George Freeman, executive director of the Media Law Resource Center, said Fox should cite a lesser-known “neutral reporting” standard that dates back to a court case in the 1970s. It states that news organizations should not be dissuaded from reporting something newsworthy, even when there are serious doubts as to its truth, as long as that information comes from responsible and prominent sources.
But the US Supreme Court has not considered that argument, and a number of lower courts have dismissed it. It’s also not clear whether the defense in the Dominion case against Fox would be legally applicable.
The prevailing view in Republican circles is that the Sullivan Standard goes too far in protecting news organizations.

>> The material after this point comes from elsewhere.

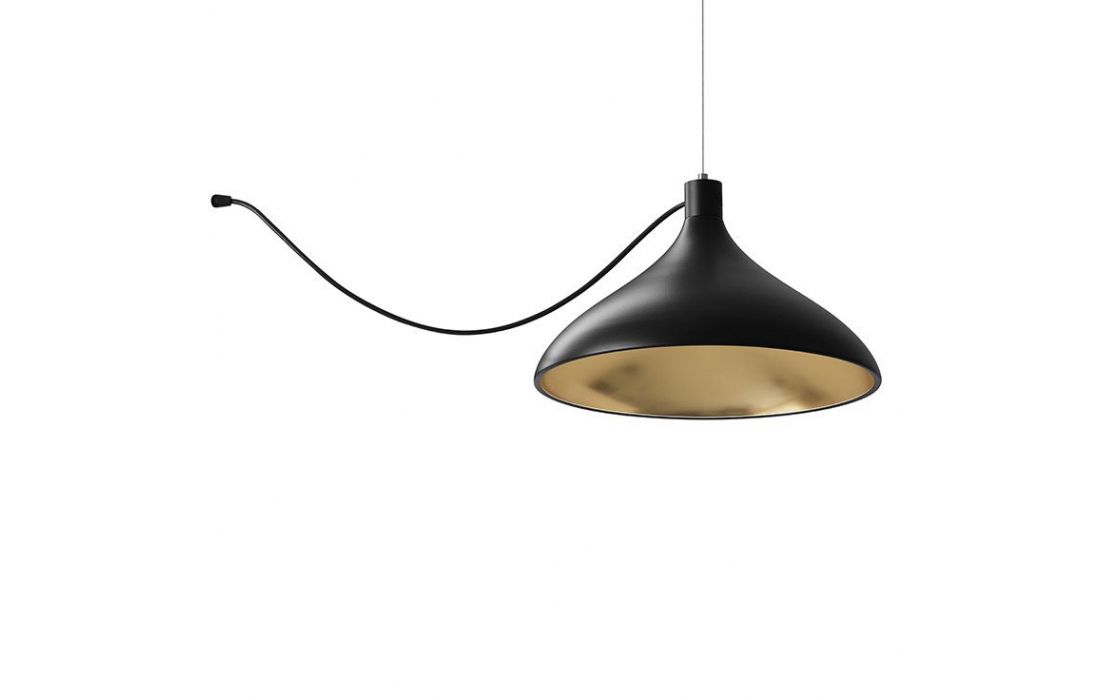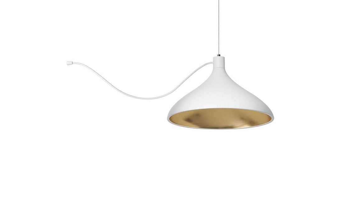 Candeeiro de teto com estrutura em metal branco, preto ou dourado, interior em dourado.

DeSantis last month asked the Supreme Court to reconsider defamation laws, saying they are used to defame politicians and discourage people from running for office. A bill under consideration in the Florida Legislature would significantly weaken standards in the state. Trump said last year that the court should consider his own defamation lawsuit against CNN a “perfect vehicle” for precedent-testing.
Some media rights advocates whom Kirtley of the University of Minnesota spoke to privately, people who are normally eager to support the press in defamation cases, have reservations about publicly supporting Fox in the voting machine lawsuit.
Many see the case as a surrogate to hold Fox and Trump supporters accountable for what happened after the 2020 election, she said.
“I don’t think a libel lawsuit is the way to deal with it, and you have to think about the damage the libel law could do if Dominion wins,” she said.